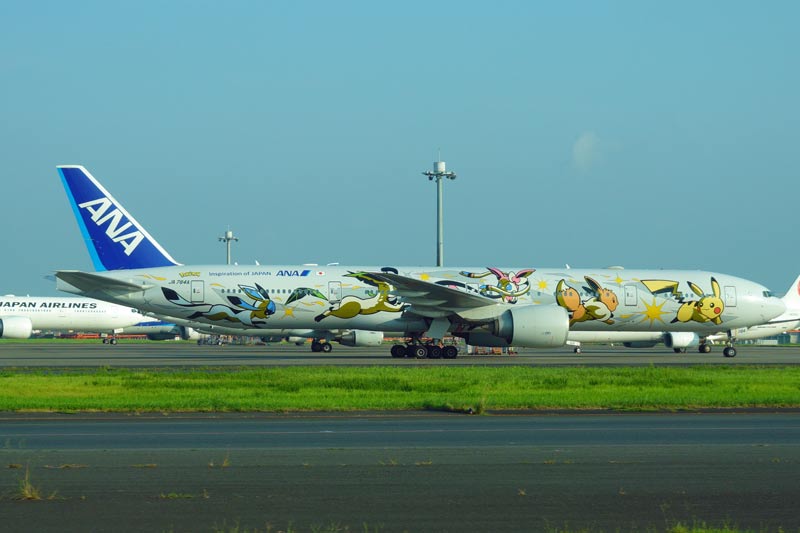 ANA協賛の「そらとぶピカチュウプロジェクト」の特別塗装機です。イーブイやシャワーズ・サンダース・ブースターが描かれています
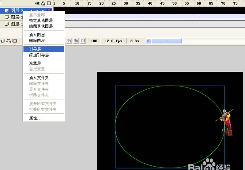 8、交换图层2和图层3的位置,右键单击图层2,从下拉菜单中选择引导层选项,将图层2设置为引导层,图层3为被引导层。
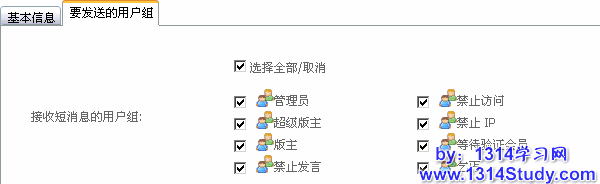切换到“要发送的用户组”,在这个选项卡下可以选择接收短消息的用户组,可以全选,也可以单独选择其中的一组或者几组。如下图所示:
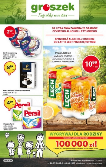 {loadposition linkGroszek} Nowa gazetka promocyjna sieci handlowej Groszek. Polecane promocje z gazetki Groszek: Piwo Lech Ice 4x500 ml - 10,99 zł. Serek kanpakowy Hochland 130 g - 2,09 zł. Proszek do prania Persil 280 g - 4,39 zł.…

• INSTRUCTIONS TO FOLLOW
For this exercise, retype the listing above word for word and omit the pictures.

• RESPONSE
 ANA協賛の「そらとぶピカチュウプロジェクト」の特別塗装機です。イーブイやシャワーズ・サンダース・ブースターが描かれています
 8、交换图层2和图层3的位置,右键单击图层2,从下拉菜单中选择引导层选项,将图层2设置为引导层,图层3为被引导层。
切换到“要发送的用户组”,在这个选项卡下可以选择接收短消息的用户组,可以全选,也可以单独选择其中的一组或者几组。如下图所示:
 {loadposition linkGroszek} Nowa gazetka promocyjna sieci handlowej Groszek. Polecane promocje z gazetki Groszek: Piwo Lech Ice 4x500 ml - 10,99 zł. Serek kanpakowy Hochland 130 g - 2,09 zł. Proszek do prania Persil 280 g - 4,39 zł.…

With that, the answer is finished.